The sound of Southwest Florida (and why it's going to be huge)

Miami has a sound. Tampa has a sound. Southwest Florida — Fort Myers, Naples, Sanibel, the beach towns — has never really had one. I think that's about to change, and here's what it's going to sound like.

Southwest Florida is one of the last coastal music markets in America that doesn't have a defining sound. Miami has Miami bass and Latin house. Tampa has jook. Orlando has 00s pop-punk and synthwave. Jacksonville has Southern rock. Every Florida metro has claimed a frequency. And SWFL — us — has historically been a place music passes through, not a place music is made.

I think that's about to change. And I think I can tell you exactly what the SWFL sound is going to feel like, because Jack and I have spent three years accidentally assembling the ingredients on actual beach dance floors.

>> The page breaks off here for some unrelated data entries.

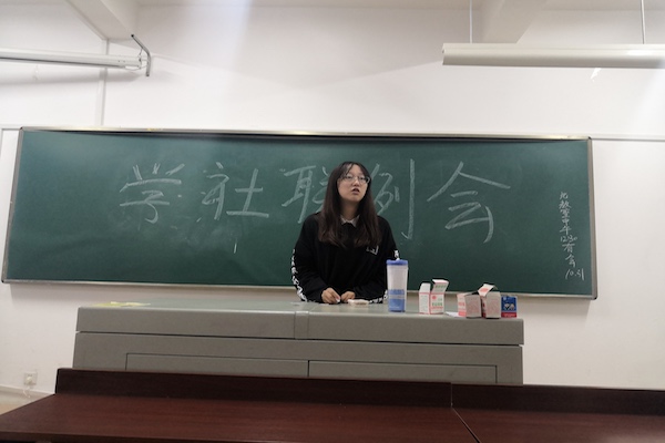 主席胡张瑞上台讲话,总结了关于上周末举办的百团大战出现的问题,提醒各个部门应该注意的事项,进行反思总结,便于后续其它工作更好地进行;各个部门部长上台发言,重新阐述了自己所在部门的职务,使大家更加清晰明了地了解了各个部门的事宜。活财部部长马一鸣着重强调了每月所需交的报表的重要性,指出了近期大家所犯的错误。社团理事长上台发言,围绕上一阶段问题进行反思总结,并调整后续工作的部署。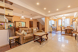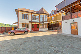 Площадь участка – 6,5 соток. Здесь, помимо основного дома, также располагается небольшой гостевой коттедж с сауной, паркинг для автомобилей, южный сад. Есть место для оборудования на территории собственного бассейна и ряда дополнительных зон отдыха. Например, здесь можно установить игровую площадку для детей или оборудовать зону барбекю.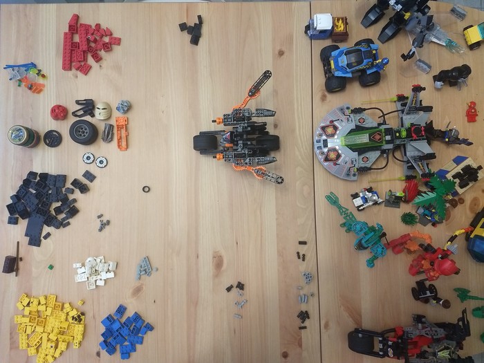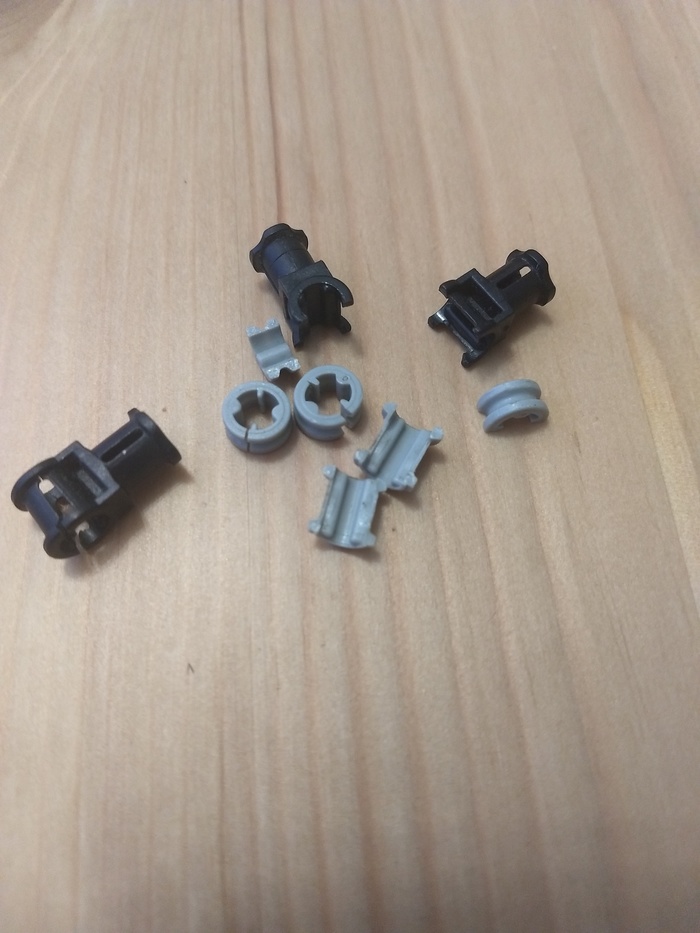 Типовые сломанные детали из техник. Это прямо-таки боль. Таких неповреждённых деталей где-то половина только от общего количества.

It's going to be slow, for one. SWFL tempo runs about ten BPM below the rest of the state. I think that's the humidity. I think that's the geography. I think it's the fact that a lot of us came down here specifically to stop sprinting. Whatever the reason, a peak-time set that would run 126 BPM in Orlando runs 118 here. And the dance floor prefers it. I've tested this.

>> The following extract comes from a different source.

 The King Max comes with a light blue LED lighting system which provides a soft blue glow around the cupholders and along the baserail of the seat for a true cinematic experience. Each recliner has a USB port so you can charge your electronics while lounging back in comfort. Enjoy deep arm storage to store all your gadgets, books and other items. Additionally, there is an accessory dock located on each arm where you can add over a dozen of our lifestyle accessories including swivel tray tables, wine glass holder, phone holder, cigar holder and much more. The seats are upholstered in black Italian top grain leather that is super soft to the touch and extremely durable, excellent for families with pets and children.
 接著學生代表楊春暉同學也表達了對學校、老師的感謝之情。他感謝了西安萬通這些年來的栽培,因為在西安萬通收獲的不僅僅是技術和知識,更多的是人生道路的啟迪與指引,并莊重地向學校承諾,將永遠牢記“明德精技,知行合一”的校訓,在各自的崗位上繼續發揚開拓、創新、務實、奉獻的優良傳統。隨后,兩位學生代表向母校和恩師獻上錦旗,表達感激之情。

It's going to be warm. Literally warm — chords, pads, analog-sounding basses — and also emotionally warm. The heartbreak songs down here hit differently. I think it's because the whole region is still metabolizing what it lost in 2022 and rebuilding in real time. Every dance floor we've played has had a grief undertone. People want to dance through something, not past it. The music that meets them where they are is soft-focused and a little bittersweet and on the warmer side of house.

And it's going to be outdoor. SWFL has the best outdoor music weather in the entire country from October through May. You don't need a club. The sky is the club. The horizon is the light rig. The Gulf is the subwoofer. Any sound that gets built here is going to be built assuming the room has no ceiling. That changes how you mix. You stop worrying about low-end buildup. You start worrying about whether the song will read in open air.

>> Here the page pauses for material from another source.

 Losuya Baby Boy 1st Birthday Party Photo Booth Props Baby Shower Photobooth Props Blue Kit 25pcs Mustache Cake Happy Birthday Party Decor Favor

Put it all together: the SWFL sound is going to be 115-to-120 BPM warm organic house, played outdoors at sunset, made by people who are rebuilding. That's Casamoré's exact lane and we know it. We also know we're not going to be the only ones. Already two other local producers have reached out about collaborating on tracks with this tempo and this warmth. I think in two years you will turn on a radio in Miami and hear a song that was made down here and you will recognize it before the chorus. I'm writing this post partly to claim it before it happens.